What is so special about 2-3 flutes? This metal produces long, stringy chips. Fewer flutes – larger chip gullets – provide more space for chips to leave the cut and avoid re-cutting for better finish. A tool with a 40-45 helix angle pulls chips up and away from work and prevents re-cutting.
⚠️ Common Mistake: Using Steel Parameters on Aluminum
Using steel cutting parameters like low RPM and low feed rate in aluminum results in rub and built-up edge on the cutter, work hardening, and poor tolerance. Aluminum requires higher RPM and higher feed rate for efficiency and quality.
In HSM machine configurations (spindle speeds 15,000 RPM+) with light side engagement, material removal rates of 500 cm/min in 6061 aluminum are practical – several times greater than common steel parameters.
Design Rules for CNC Machined Aluminum Parts
Design for manufacturability determines whether your aluminum parts can leave the CNC machine within tolerance, within budget. Follow these rules even for low-precision aluminum parts to avoid the greatest causes of machining work, scrap, and rework
- ✔
Minimum wall thickness: 0.5 mm (0.020 in.) achievable; 1.0 mm (0.040 in.) recommended for production stability - ✔
Pocket depth-to-width ratio: 3:1 standard tooling; up to 6:1 with extended-reach end mills (adds 15–25% cost) - ✔
Internal corner radius: ≥ 1/3 of pocket depth (allows standard tool access) - ✔
Unsupported wall height-to-thickness: 4:1 maximum (prevents chatter and deflection) - ✔
Thread depth: ≤ 3× nominal diameter (deeper threads strip in aluminum) - ✔
Hole depth-to-diameter: ≤ 10:1 for standard drills; beyond this requires peck drilling cycles
⚠️ The Over-Tolerancing Trap
Designs that specify ±0.001 in. tolerances when ±0.005 in. is enough just costs you more in machining 2x over. Tight tolerances mean slower feeds, more interruptions for measurement, and more off-line climate-controlled inspection. Strongly consider applying tight callouts on mating surfaces and other critical datums.
For aluminum parts that you assemble after machining, add 0.05-0.10 mm of extra stock on mating surfaces to accommodate the buildup of anodizing thickness. Type III hardcoat anodize deposits 25-50 m per side, which has implications for press-fit and bearing bore dimensions. Have your custom aluminum parts supplier verify these allowances before machining.

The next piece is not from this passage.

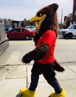 The Hawk mascot (Richy Schwalm) supported the team all season.

Surface Finishing Options for CNC Machined Aluminum
Machined aluminum achieves the best surface finishes with the type of anodize specified by the military specification MIL-A-8625, although other mechanical and chemical options are available.
| Finish | Thickness | Hardness | Cost Range | Best Application |
|---|---|---|---|---|
| Type II Anodize | 5–25 µm | 200–400 HV | $0.50–$2.00/ft² | Decorative, moderate corrosion protection |
| Type III Hardcoat | 25–100 µm | 60–70 HRC | $2.00–$6.00/ft² | Wear-critical, military/aerospace |
| Bead Blasting | N/A (surface texture) | No hardness change | $0.25–$1.00/ft² | Uniform matte appearance, pre-anodize prep |
| Powder Coating | 50–100 µm | 2H–4H pencil hardness | $1.00–$3.00/ft² | Outdoor exposure, color matching |
| Chromate Conversion | 0.25–1.0 µm | Minimal | $0.30–$0.80/ft² | Electrical conductivity preservation |
✔ Advantages of Type III Hardcoat
- Wear resistance comparable to hard chrome
- Operating temperature up to 200°C
- Integral to the base metal, will not peel or flake.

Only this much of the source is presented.